Leider müssen wir darauf noch warten, denn technologisch scheint aktuell der Plafond erreicht. Wohl gibts doppelwändige Fairwayholzer mit dem COR-Wert eines Drivers, neues Dimpeldesign und quasi nahtlose Bälle und den Tour-Fitting-Van im eigenen Bag (dank zigfach verstellbarer Driver), aber den ganz grossen Knüller habe ich noch nicht entdeckt – außer vielleich SNAG Golf, eine Firma, die ein kindergerechtes Golfsystem (mit Schlägern und allem Drum und Dran) vorstellt – so was würde ich mir in jeder zweiten Volksschule in Österreich wünschen – Fotos folgen, wenn die Kamera sich wieder mit meinem Computer verträgt!
Dann treff ich Alex Thompson, das 15-jährige Wunderkind (mit RedBull als Sponsor) am Puma-Stand bei der VIP-Party. Ich bin kein VIP, hatte nur das Glück, dass man mich als Österreicher – und damit als RedBulle – einfach in Lexis – so darf ich sie jetzt nennen – Schlepptau rein gelassen hatte.

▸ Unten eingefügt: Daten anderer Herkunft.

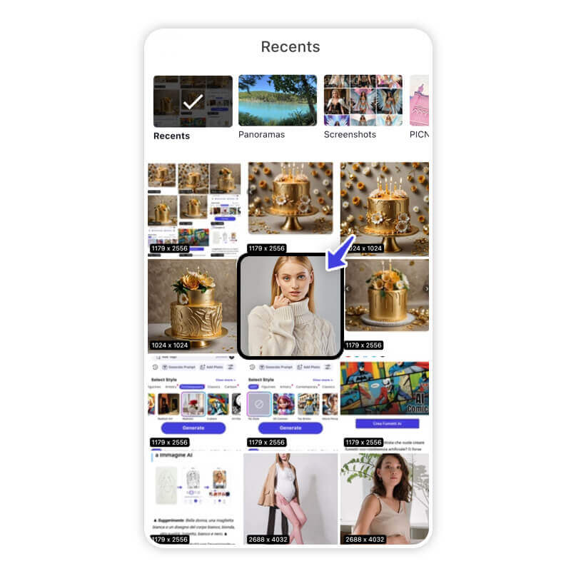 In the app, you can upload an existing photo from your camera roll or take a new one with the app. For best results, choose a photo with high resolution and good lighting.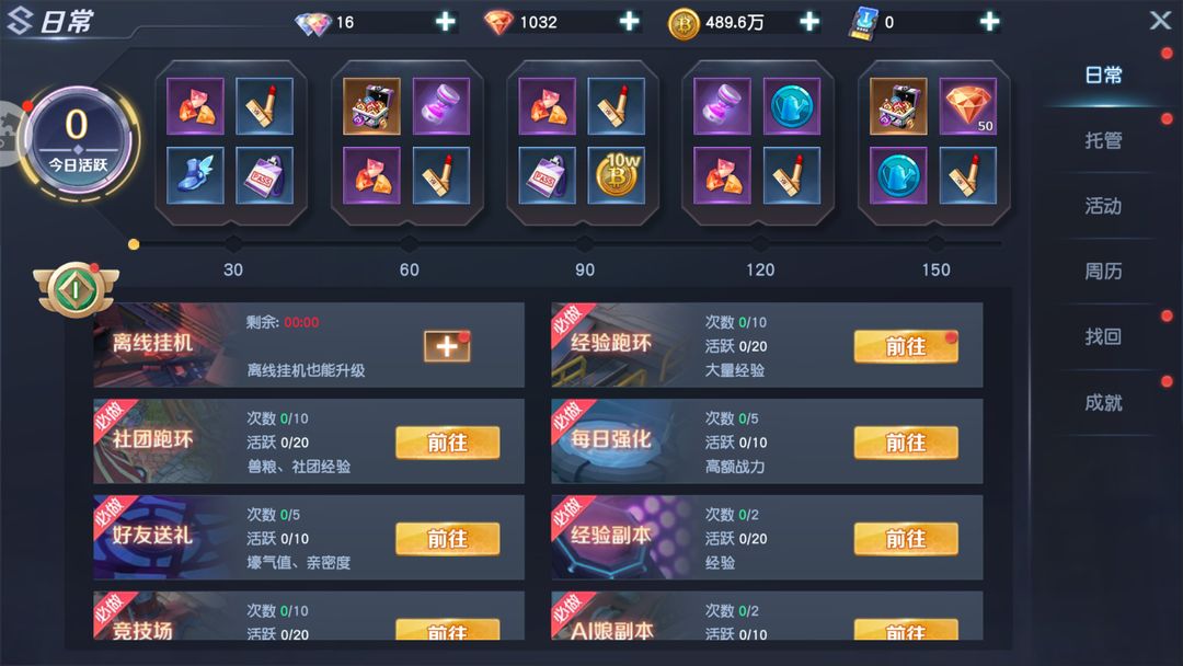 2)人性化的收益找回玩家登录后可在日常界面内,免费或消耗少量星币找回未及时参与的玩法相关收益,不必担心错过日常副本及限时玩法奖励,离线收益统统一键找回。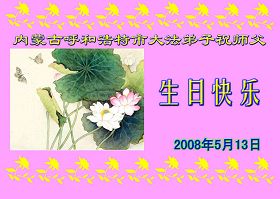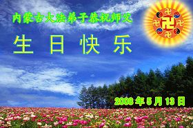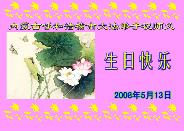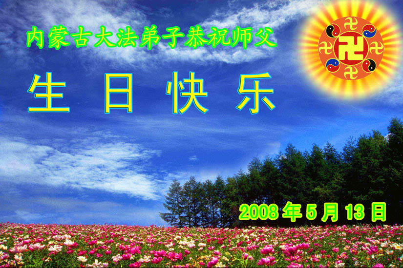 内蒙古呼和浩特市大法弟子祝师父生日快乐! 2008年5月13日 内蒙古呼和浩特市大法弟子恭祝师尊生日快乐!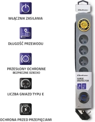 Zaprojektowana zgodnie z najnowszymi trendami, w eleganckiej szarej barwie, doskonale pasuje do każdego wnętrza. Ochrona przed przepięciami chroni podłączone urządzenia przed wahanami napięcia za pomocą wysoko wydajnego warystora.

Greg Norman – real – war auch und podiusmdiskutierte, Davis Love III – via Skype am Bridgestone-Stand – ebenso, plus eine kleine österreichische Delegation: Thomas Reiter (Golftech), Evelyn Gruber (Golf Travel Consulting), Kurt Bukowski (Golf TV1) sowie Klaus Kaiser (Team Tours Brasil)…
Und am Freitag geht die Show weiter – und dann kaufe ich mir ein Kabel und ihr könnt dann endlich die Bilder zum Text genießen …
Sorry & bis morgen!
26. Jänner 2011:
Frohen Mutes, weil um 12 Uhr Ortszeit endlich auch die Sonne „Guten Tage” sagt, gehts auf die Range des Orange County GC, nur 45 Busminuten weg vom Convention Center, wo die Shuttlebusse an- und ablegen. Der Outdoor-Demotag steht am Programm und der Besucherzustrom ist GIGANTISCH!
Der Aufwand ebenso: Cobra&Puma gönnen sich für einige wenige Stunden ein hübsches Zelt und einen DJ, der das selbe beschallt. Draußen serviert man Alex Thompson, der kommende US-Golfstar. TaylorMade&Adidas baut für den Demotag eine eigene Tribüne auf der Range auf und auch die anderen BigBrands wie Titleist, Callaway, Wislon, Nike oder Adams lassen sich nicht lumpen, wenngleich Puma & Adidas im altbewährten Wettstreit sich gegensetig zu übertreffen versuchen…
Mein Favorit – und ich verspreche, das Video dazu wird nachgereicht – ist SNAG Golf, eine sensationelle Art, den Golfsport Kindern näher zu bringen!
Jetzt werde ich mich wieder den technischen Problemen zuwenden… Und in 3 Stunden geht’s auf der Show los, die um 8 Uhr ihre Pforten öffnet….
Bis morgen!
PS: Die USA bemüht sich gerade redlich, mich wieder milde zu stimmen, und ein erster Schritte ist getan: WLAN im Shuttlebus zum Demotag finde ich ziemlich lässig, wenngleich ich nicht weiß, ob wir in 20 Jahren draufkommen werden, dass das mikrowellisieren der Erdöberfläche unser Gesundheit nicht zuträglich ist… Aber ganz aktuell war das eine geniale Erfahrung…
25. Jänner 2011:
Damit kein Neid aufkommt, eine kurze Einführung in das Thema „Anreise nach Orlando”: 10 Stunden Wien-New York, eine Stunde Schlangestehen bei der Einwanderungsbehörde, mit der grimmigsten Schalterbeamtin ever, noch mal 3 Stunden von New York nach Orlando, zum Drüberstreuen einen Tornado-Warnung, 20 Minuten im Flugzeug warten, weil das Gate nicht fertig ist und dann, nach 22 Stunden Anreise minus 6 Stunden Zeitverschub: REGEN!REGEN!REGEN!
Immerhin: Das Hotel, ein schmuckes 2-Sterne-Haus, direkt an einem kaum befahrenen, vierspurigen Highway, liegt verkehrsgünstig, quasi um die Ecke des Convention Centers, wo sich ab Donnerstag drei Tage lang der Nabel der Golfwelt befindet, zumindest, was die Ausrüstung betrifft.
Weil aber der Regen in den letzten Tagen recht heftig war, startet schon der erste Programmpunkt, der Demotag mit Verspätung….
Für die restlichen drei Tage ist herrliches Wetter angesagt, was dann aber ohnedies powidl ist, weil Indoor gearbeitet wird.
Kurz vor Mitternacht (Orlando-Zeit) reicht es dann!